Şahıslar önoluşturucularla, zamir veya da iyelik zamiri değerine sahip unsurların kalıntıları olan çekim ekleriyle belirtilir, üçüncü şahısta İbranîcenin her cinslik için farklı bir biçimi vardır.

Bütün fiiller sonek biçiminde zamirler alabilir: bu zamirler perfectum, imperfectum ve etken ortaçta daima nesne, mastar ve edilgen ortaçta ise nesne veya özne olur.

İbranîce cümle, çeşitli değerler alan, bağlaçla birbirine bağlanan, genellikle kısa cümleciklerinden meydana gelir: yapı, kelimelerin cümledeki yerinden çok sonlarındaki eklere dayanır.

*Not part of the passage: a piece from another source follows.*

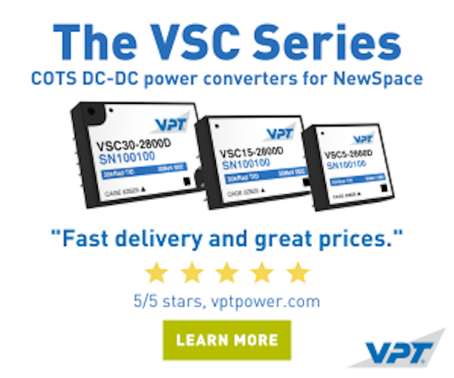 | | Sponsored | | The VSC Series of commercial-off-the-shelf (COTS) DC-DC converters have been designed and tested for the NewSpace market. This series is ideal for use in commercial rad tolerant satellite applications and NASA Class D missions where the balance of cost and guaranteed performance is critical. |

İbranîce, yalnız ünsüzleri belirten ve eski Byblos döneminde fenike alfabesinden örneksenen yirmi iki işaretlik bir alfabeyle yazılır.

Bu alfabenin, M.ö. I.yy.ın ortasına kadar kullanılan ilk biçimine ibranî-fenike veya eski İbranî alfabesi adı verilir.

Eski İbranî alfabesi yerini daha sonra aram işlek yazısından türeyen kare yazıya bıraktı, ünlüler, çok daha sonra M.S. VI. ve VII. yy.da ortaya atılan çeşitli sistemlere göre (Filistin, Babil, Tiberius sistemleri) yazılmaya başlandı ve sonunda Tiberius sistemi hâkim geldi.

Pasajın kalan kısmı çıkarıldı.